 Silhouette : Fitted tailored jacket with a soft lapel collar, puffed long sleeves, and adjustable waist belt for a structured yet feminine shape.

* * *

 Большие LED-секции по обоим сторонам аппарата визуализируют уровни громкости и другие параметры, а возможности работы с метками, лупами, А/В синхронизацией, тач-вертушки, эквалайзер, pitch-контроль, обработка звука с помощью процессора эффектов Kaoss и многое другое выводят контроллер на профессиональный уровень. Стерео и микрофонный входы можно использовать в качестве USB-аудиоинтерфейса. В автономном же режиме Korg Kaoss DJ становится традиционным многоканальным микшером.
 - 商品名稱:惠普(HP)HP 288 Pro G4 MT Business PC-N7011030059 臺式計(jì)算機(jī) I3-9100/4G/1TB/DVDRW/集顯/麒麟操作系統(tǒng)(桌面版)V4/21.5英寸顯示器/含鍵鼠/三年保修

==

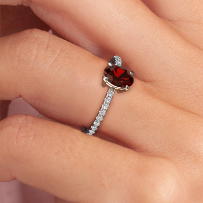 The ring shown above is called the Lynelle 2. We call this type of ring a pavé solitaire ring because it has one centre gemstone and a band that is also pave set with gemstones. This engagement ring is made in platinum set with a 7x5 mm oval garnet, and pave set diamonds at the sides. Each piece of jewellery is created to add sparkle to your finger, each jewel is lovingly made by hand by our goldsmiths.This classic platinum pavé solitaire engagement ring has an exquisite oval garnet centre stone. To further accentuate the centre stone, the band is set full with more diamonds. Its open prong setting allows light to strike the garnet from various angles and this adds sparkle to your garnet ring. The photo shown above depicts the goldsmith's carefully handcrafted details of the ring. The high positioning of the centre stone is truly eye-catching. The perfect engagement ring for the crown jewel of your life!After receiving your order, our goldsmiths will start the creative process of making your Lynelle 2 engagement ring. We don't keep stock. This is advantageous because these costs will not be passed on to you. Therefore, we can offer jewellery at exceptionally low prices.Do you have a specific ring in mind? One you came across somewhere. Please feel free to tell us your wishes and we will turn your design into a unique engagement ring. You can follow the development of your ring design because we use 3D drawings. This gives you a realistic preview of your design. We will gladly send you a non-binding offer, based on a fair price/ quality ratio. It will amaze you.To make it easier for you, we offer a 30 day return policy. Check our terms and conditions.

**Task prompt**
Beginning with the line above that contains "Большие LED-секции по", copy each line exactly up to and including the line that contains "- 商品名稱:惠普(HP)HP 288", and go no further.

**Result below**
 Большие LED-секции по обоим сторонам аппарата визуализируют уровни громкости и другие параметры, а возможности работы с метками, лупами, А/В синхронизацией, тач-вертушки, эквалайзер, pitch-контроль, обработка звука с помощью процессора эффектов Kaoss и многое другое выводят контроллер на профессиональный уровень. Стерео и микрофонный входы можно использовать в качестве USB-аудиоинтерфейса. В автономном же режиме Korg Kaoss DJ становится традиционным многоканальным микшером.
 - 商品名稱:惠普(HP)HP 288 Pro G4 MT Business PC-N7011030059 臺式計(jì)算機(jī) I3-9100/4G/1TB/DVDRW/集顯/麒麟操作系統(tǒng)(桌面版)V4/21.5英寸顯示器/含鍵鼠/三年保修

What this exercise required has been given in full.